“So, that was what Mr. Hoskins meant by ‘the rest of the Parsons hay’!” Thoroughly aroused now, Sayre plunged into the message that had brought her to the spot.
To her amazement it acted upon Charley like a charge of revivifying electricity. Fishing through his pockets for a pencil stub and a scrap of paper, he figured rapidly for a moment in the fading light; then jumped to his feet.
“We can do it yet,” he exulted, lifting one end of the bale on which he had been sitting. “Get every darn stem of Hoskins hay off this eighty tonight. Come on, Nels. You can stay, can’t you, if you send young Nels home to do the chores after we finish this truck?” He tossed up the bale to young Nels, who moved into life again from where he had been lounging on the load. Charley stooped to another of the 70-80-pound bales, into which practically all the alfalfa hay of that region was sent to market, planning aloud all the while. “Sayre’ll do our chores. Then she’ll make us some sandwiches we can eat on our way into town. I’ll take her in with us when we go, on the ‘Shake, so she can drive that back while I bring the Hoskins truck. We’ll make town with your truck and the ‘Shake by the time that freight car’s switched up, or soon after. We’ll pick up a third man around the station to help hurry up the loading it. But,” Charley hesitated, “there’s reloading here when we get back. We’ll have to make that snappy. And with only two of us—”
“There’s me.” All Sayre’s fatigue was submerged in eagerness. She wanted action now to quell the consternation tingling through her, unvoiced, “No hay. No hay of our own. No hay at all. We’ve stock to feed. No money to buy hay with. What are we going to do?” Work that demanded the postponing of thinking out an answer was welcome. She was too tired tonight for her mind to face squarely the shock of this new blow.
Charley, meanwhile, was shaking his head. “Too hard. Still—” His decision wavered. “Could we manage it, Nels, do you think, with a little help from her?”
“I t’ank so.”
Charley lifted another bale.
The early evening air around them was full of the dried alfalfa odor, dusty sweet. Grasshoppers chirped in the near distance. Here and there light-winged creatures flitted about. But nobody noticed any of this.
“Three tons on that load down town. Seven or so still on this farm. Two of that seven go in now on this truck and the ‘Shake. One more reloading of all three buses’ll just about fill that car, ten tons. We’ll do it, Nels, yet,” Charley rejoiced. “We’ll wipe this claim clean of Hoskins hay tonight, south ditch field crop and all.”
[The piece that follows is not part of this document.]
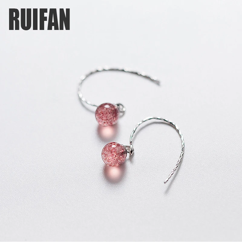 Ruifan милый розовый цвет натуральный клубника кварт ушные крючки 925 пробы серебро для женщин Малый серьги гвоздики ювелирные украшения YEA242

“South ditch crop!” Sayre broke out. “You don’t mean you baled that stuff?”
Charley laughed for the first time Sayre had heard him that afternoon. “We sure did. A lot of it, too.”
“But that hay’s got the Yellows from too much alkali?”
“The Yellows, and goodness only knows what else! Haven’t you been saying what a good place it’d make to run your poultry in because of the bugs in it?”
“I t’ank mebbe, Sharley, Papa Hoskins don’t know yet you have give him back dat field. Young Frank ain’t had no shance to tell him.” Then conversation ceased to thrive; there was too much work to do.
Considerably later that evening Sayre stood at one end of the railroad station platform. Near by, Mr. Hansen and Charley were crowding last bales into the dingy-looking freight car, while some distance away, at the platform’s other end, a stubby combination train, made up of one coach, one freight, and a caboose, was puffing, jerking and swaying to a stop in front of the prairie station of Upham, Wyoming.
“Guess I’ll go find out the score, Chuck.” Sayre knew that the passenger coach of the train held the boys of the high school football team, returning from the Hubble-Upham game.
Charley did not even turn his head. Instead he appeared completely engrossed in conversation with Mr. Hoskins, who had arrived on the spot in time to select the trimmest bales to be put near the door where the car would be plugged at Kansas City for market grading.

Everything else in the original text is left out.